_WHAT THE EXERCISE ASKS_
Return the lines of the data below, from the one containing "I have cooked" through the very last, exactly and with both ends included; no pictures.

_INPUT DATA_
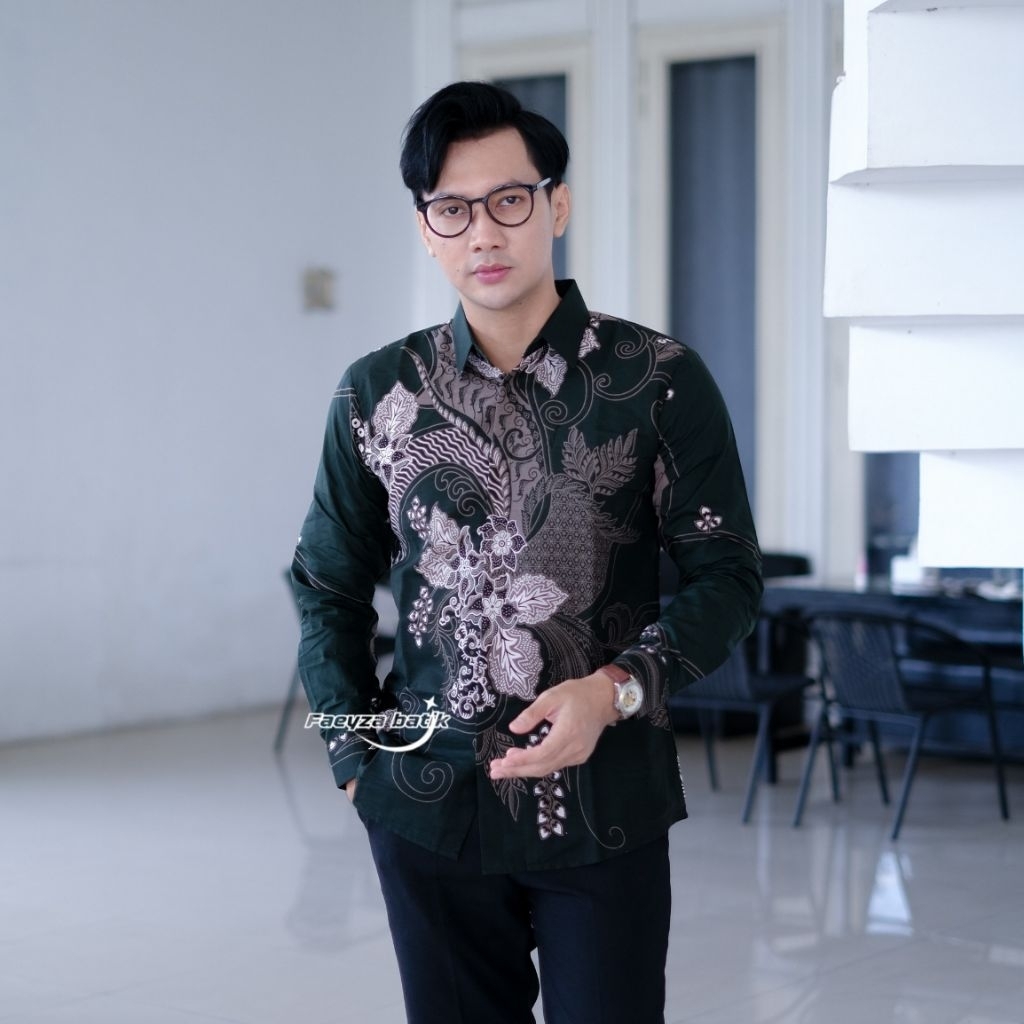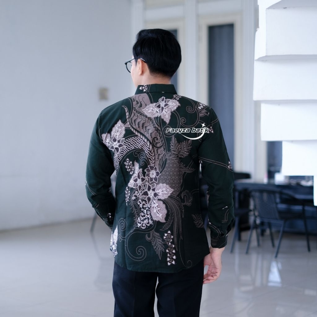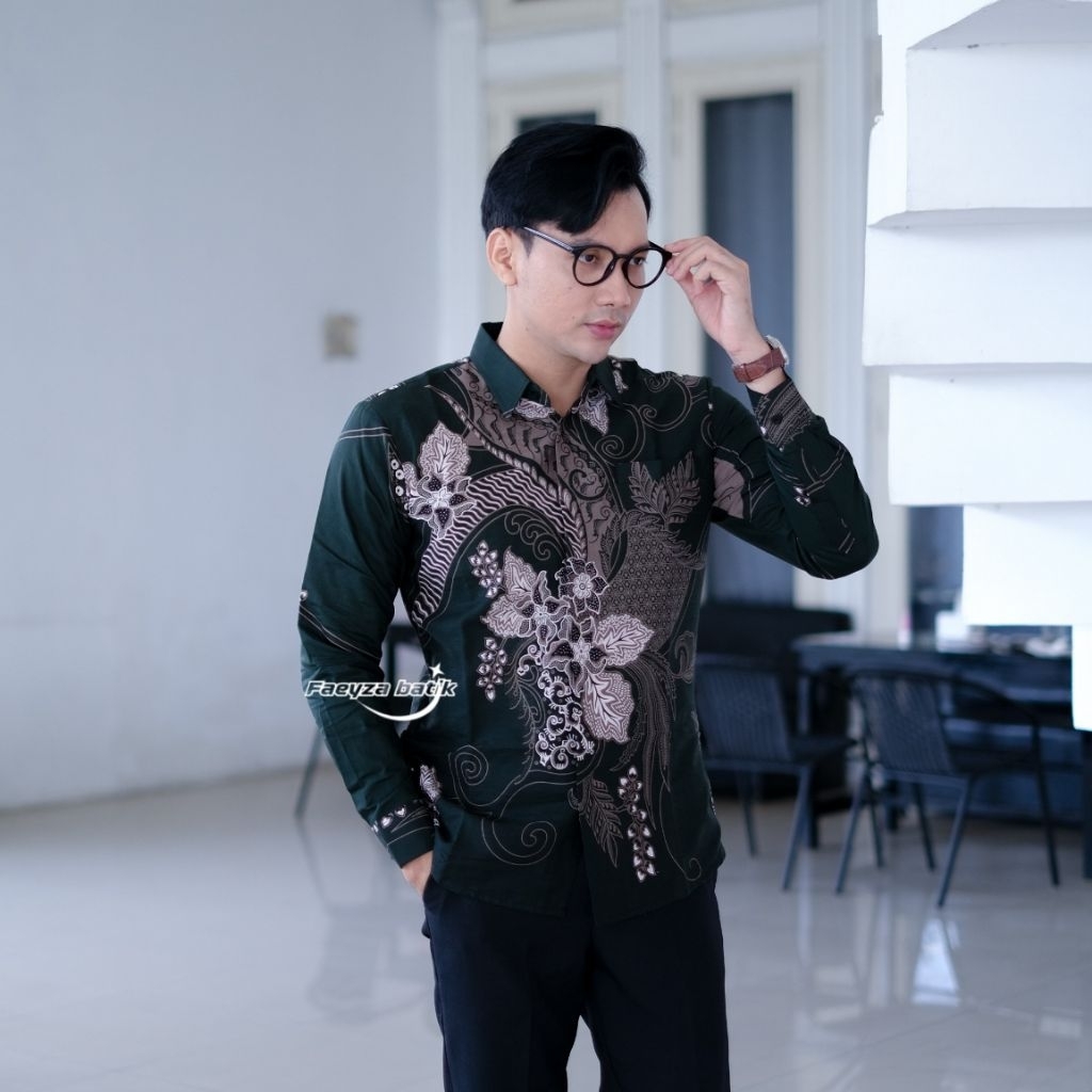 Faeyza Batik Motif MAYORAA Emerald green Baju Kemeja Batik Pria Slimfit Lengan Panjang Pendek Cowok Laki Laki Premium katun Halus Lapis furing
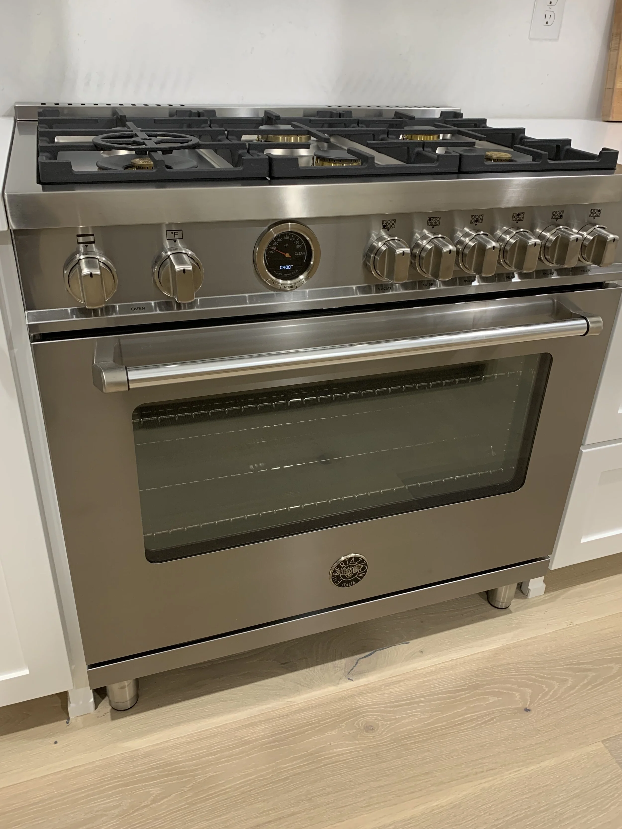 I have cooked with an electric cooktop for as long as I can remember. Ours had a smooth surface, and it was so easy to keep clean. Since we were eliminating the double ovens, and doing a drawer microwave, a free-standing range was the perfect space-saving solution. After deciding on a free-standing range, now it's time to determine what brand will work for our space. After looking at almost every brand, the Bertazzoni range had a lower profile and didn't protrude out from the countertop as much as some of the other brands, so we decided to go with the 36" dual fuel gas range.
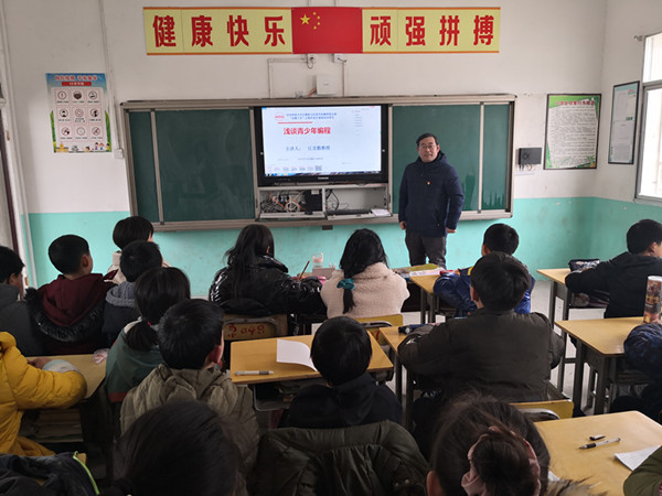 在马庙小学,学院三个教师党支部联合开展了“送教下乡”主题活动。活动中结对支部进行了座谈交流,支部联合捐书助学设立了爱心图书角,现场慰问了留守儿童,教授博士走进小学课堂,对学生们进行了网络安全教育、程序设计基础知识普及等。座谈会上,学院教师第三党支部书记江晋剑介绍了两支部结对一年来的工作进展及成效,朱河小学党支部书记朱俊峰对yl6809永利官网为学校教育发展提供的支持表示感谢,双方就后期的结对工作进行了深入交流。陈银凤一行参观了马庙小学图书室,并在现场设立了yl6809永利官网爱心图书角,持续开展了捐书助学活动,并为留守儿童送上了学习及体育活动用品。教师第一党支部书记江克勤教授和支委刘德阳博士给小学生上了两堂别开生面的课——《程序设计基础知识普及》、《网络安全知识教育》,现场孩子们踊跃发言,气氛热烈,接受了网络安全教育及计算机相关知识的普及,孩子们的学习兴趣得到有效激发。
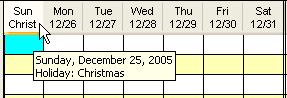 Depending on the sizing of the schedule cells, only part of the description may be visible. Hover the cursor over the header to display the Holiday Description.
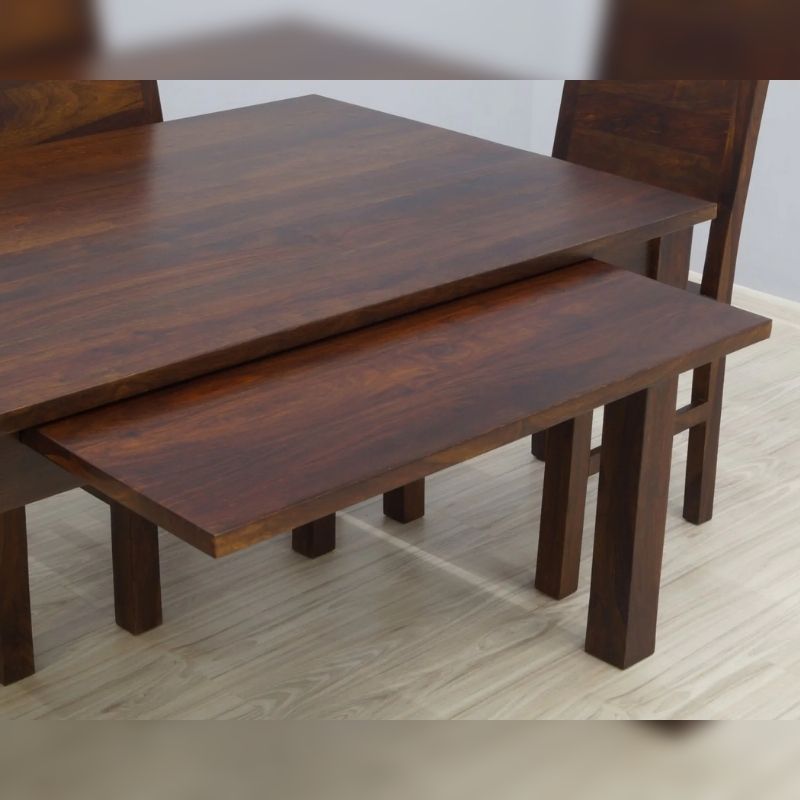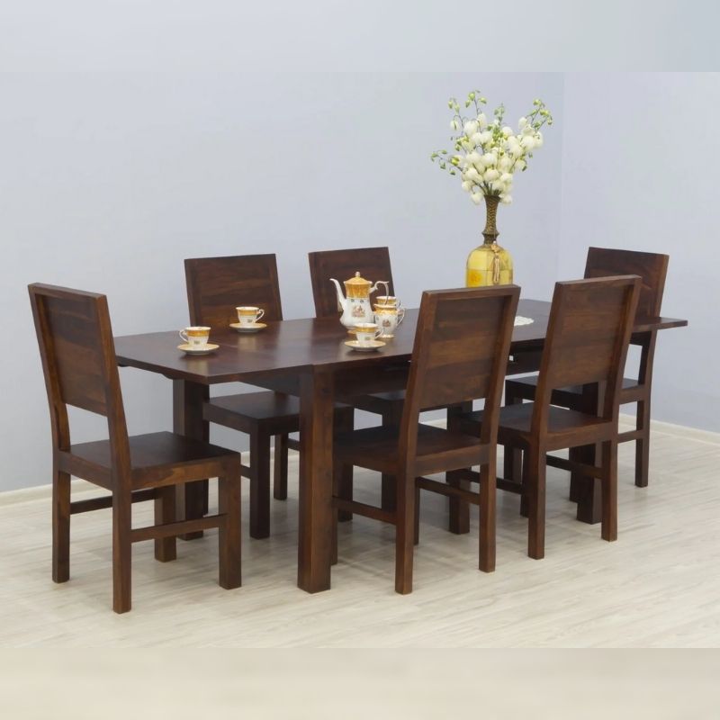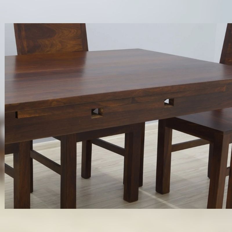 Solid rosewood dinner set consisting of a fold-out table and six chairs. The whole is made of 100% solid Indian rosewood. The table and Indian chairs are dark browns in color. The chairs have full backrests, thus looking quite austere. The unadorned surfaces of all the elements of this set expose the beautiful wood grain and give this set a modern style. The table can be folded from 180/100/76 cm to 270/100/76 cm. The chairs are 100 cm high and the seat is 45/45 cm high.
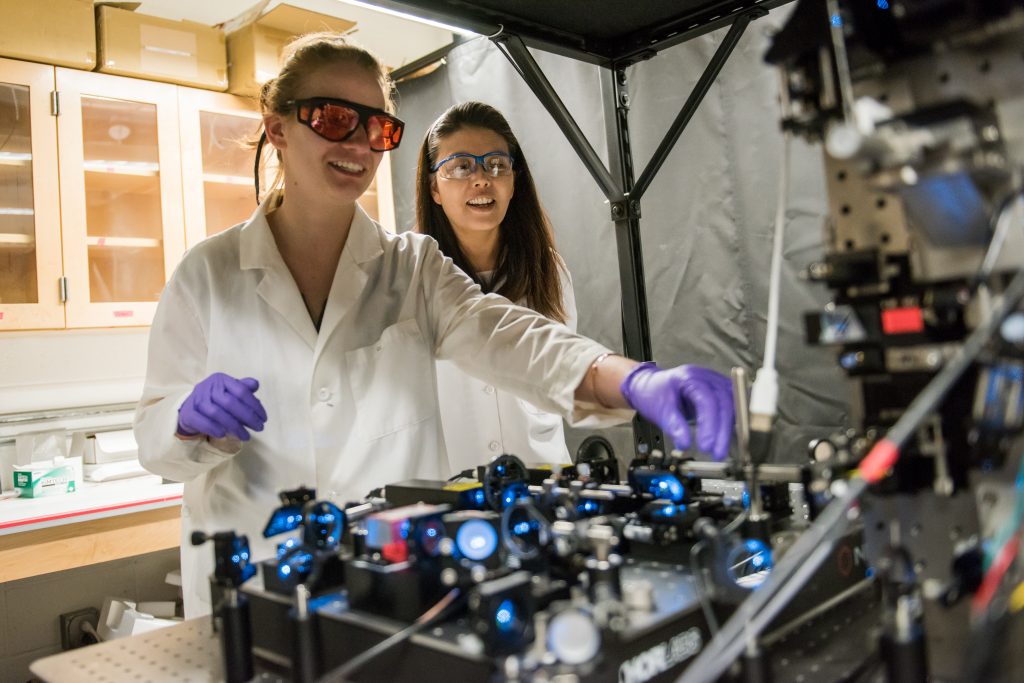 Minjoung Kyoung and Erin Kennedy work on the lab’s unique microscope. Photo by Marlayna Demond ’11 for UMBC.

_ANSWER SECTION_
 I have cooked with an electric cooktop for as long as I can remember. Ours had a smooth surface, and it was so easy to keep clean. Since we were eliminating the double ovens, and doing a drawer microwave, a free-standing range was the perfect space-saving solution. After deciding on a free-standing range, now it's time to determine what brand will work for our space. After looking at almost every brand, the Bertazzoni range had a lower profile and didn't protrude out from the countertop as much as some of the other brands, so we decided to go with the 36" dual fuel gas range.
 在马庙小学,学院三个教师党支部联合开展了“送教下乡”主题活动。活动中结对支部进行了座谈交流,支部联合捐书助学设立了爱心图书角,现场慰问了留守儿童,教授博士走进小学课堂,对学生们进行了网络安全教育、程序设计基础知识普及等。座谈会上,学院教师第三党支部书记江晋剑介绍了两支部结对一年来的工作进展及成效,朱河小学党支部书记朱俊峰对yl6809永利官网为学校教育发展提供的支持表示感谢,双方就后期的结对工作进行了深入交流。陈银凤一行参观了马庙小学图书室,并在现场设立了yl6809永利官网爱心图书角,持续开展了捐书助学活动,并为留守儿童送上了学习及体育活动用品。教师第一党支部书记江克勤教授和支委刘德阳博士给小学生上了两堂别开生面的课——《程序设计基础知识普及》、《网络安全知识教育》,现场孩子们踊跃发言,气氛热烈,接受了网络安全教育及计算机相关知识的普及,孩子们的学习兴趣得到有效激发。
 Depending on the sizing of the schedule cells, only part of the description may be visible. Hover the cursor over the header to display the Holiday Description.
 Solid rosewood dinner set consisting of a fold-out table and six chairs. The whole is made of 100% solid Indian rosewood. The table and Indian chairs are dark browns in color. The chairs have full backrests, thus looking quite austere. The unadorned surfaces of all the elements of this set expose the beautiful wood grain and give this set a modern style. The table can be folded from 180/100/76 cm to 270/100/76 cm. The chairs are 100 cm high and the seat is 45/45 cm high.
 Minjoung Kyoung and Erin Kennedy work on the lab’s unique microscope. Photo by Marlayna Demond ’11 for UMBC.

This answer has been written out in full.